On Bright Saturday, we received the sad news from Paris: Nikita Alexeevich Struve, editor of YMCA-Press and Le Messager orthodoxe, scholar of Osip Mandelstam, and many, many other things, has fallen asleep in the Lord.
It is almost impossible to comprehend Nikita Struve’s significance for twentieth- and twenty-first-century Orthodoxy. He was more than a representative of the great era of the Russian religious renaissance: he was, in more ways than one, a man of great stature, whose life encompassed a plethora of historical experiences and episodes. The grandson of the famous Russian philosopher Peter Struve and a member of the illustrious circle of French-Russian Orthodox intelligentsia, he dedicated his life and his work to the Orthodox Church as an editor, writer, publisher, defender of the persecuted, and witness to the great legacy of the Paris School. His publishing house, YMCA-Press, was like a source of oxygen to the deprived Soviet intelligentsia, publishing and distributing authors banned in the USSR. He was the first publisher of Solzhenitsyn’s GULAG Archipelago in the West, as well as the writer’s great and unwaveringly loyal supporter. But Solzhenitsyn’s was only one in the treasury of names of Russian authors “inconvenient” for the Soviet regime and whom Struve published for decades, preserving the great legacy of Russian culture in the dark years of Communism for future generations.

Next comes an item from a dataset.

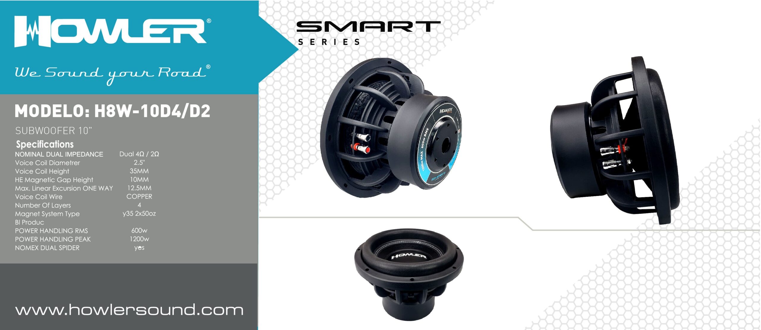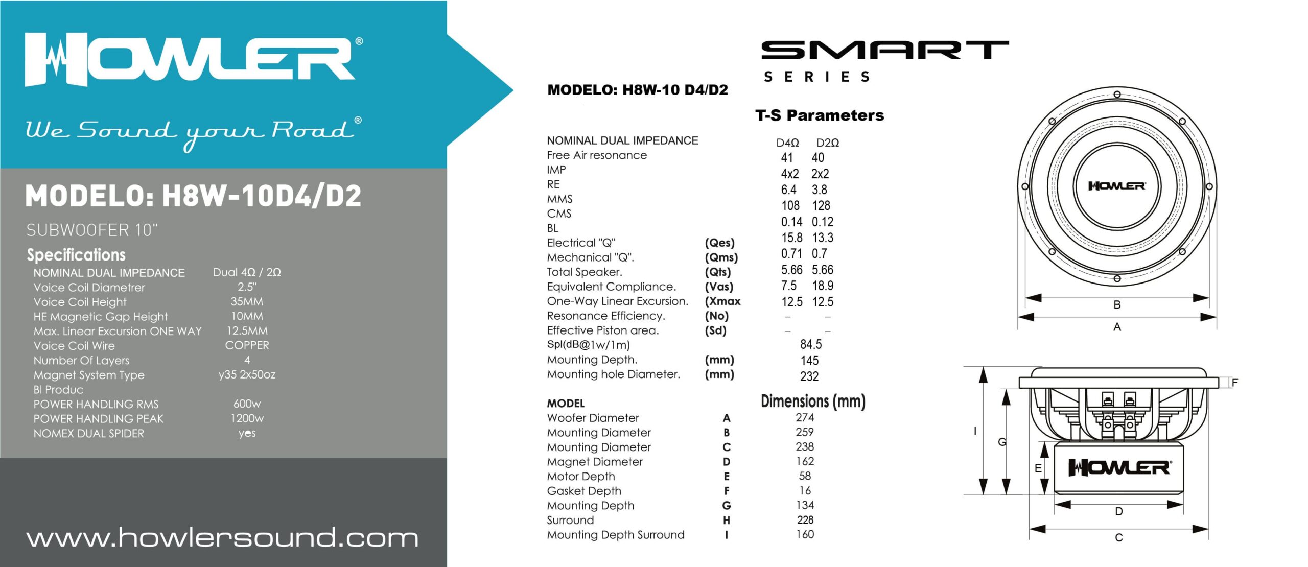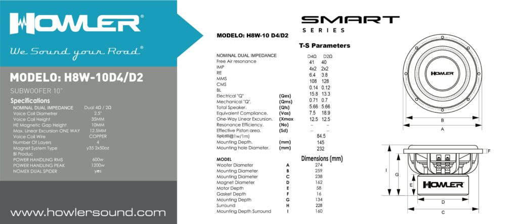 SUBWOOFER 10″ BOBINA 2.5″- Impedancia Nominal D4Ω- 1200w Max 600w Rms

Le Messager orthodoxe, published in Russian and French, set a standard for Orthodox publications, both in the quality of its materials as well as in the great stature of its authors. For Nikita Struve, the journal was a project of complete commitment and dedication, to which he gave all of himself until his last days.

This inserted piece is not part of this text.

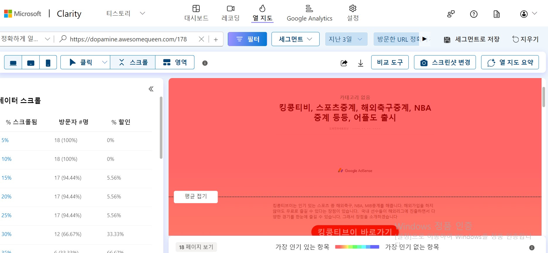 - 아래 빨간색 ~ 파란색으로 가면 사용자가 덜 클릭한 부분입니다.(빨간색이 제일 많이 클릭)

After the collapse of the Soviet Union, Struve directed a significant portion of his incomparable energy to building up the institutions of Orthodox thought in Russia. He founded the publishing house “Russkiy Put' (The Russian Path),” which published, among other things, volumes of Alexander Schmemann’s writings as well as those of other authors of Western Orthodoxy. He also sat on the board of the St. Philaret Orthodox Institute, and continually lectured, spoke, and participated in various projects either in or connected to Russia.

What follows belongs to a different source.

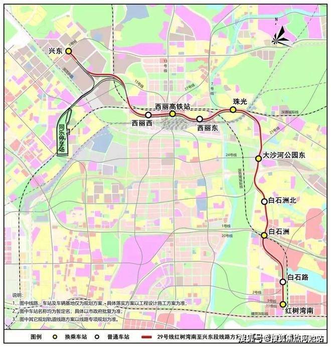 29号地铁线:该线路为南山至光明的普速线路,主要功能为带动沿线城市组团重点片区高质量发展,设计时速80公里,共分2期开发,其中1期兴东-红树湾站已经动工,共设站10座,全线长约11.3公里,建设周期为2023-12-30至2028-12-28;2期是途径石岩,终至科学公园站。

A long-time member of the Council of the Archdiocese of the Russian Parishes in Europe (Exarchate of the Ecumenical Patriarchate), and a faithful student of the vision of the Moscow Council of 1917/18, Nikita Struve always supported the independence of Orthodox jurisdictions in the West and expressed grave concerns over the close connections between the newly-“liberated” Moscow Patriarchate and the power structure of the Russian state. True to his beliefs, he continued tirelessly to promote the vision of a free, unencumbered, and non-servile Church that would be served and reinforced by the intellectual might and liturgical dedication of all of its members.
When one reflects upon the great figures of Russian Orthodoxy in the West – among whom Nikita Struve could aptly be named “the last of the giants” – it becomes apparent that what nurtured them and their great work was not only their surpassing love for the Church and for their culture, but also a complete lack of mercenary interests; indeed, they were true unmercenaries. These fathers of the Paris School, as well as their students and successors, forged a community and an idea of Orthodoxy in its Russian manifestation that was motivated by and appealed to the most admirably self-emptying elements of this tradition. What a contrast with the contemporary arena of the “business of Orthodoxy” that we see all around! What a great legacy to recognize, honor, and build upon!
We pray Memory Eternal for this great man who has now been translated to life eternal with Christ our Lord.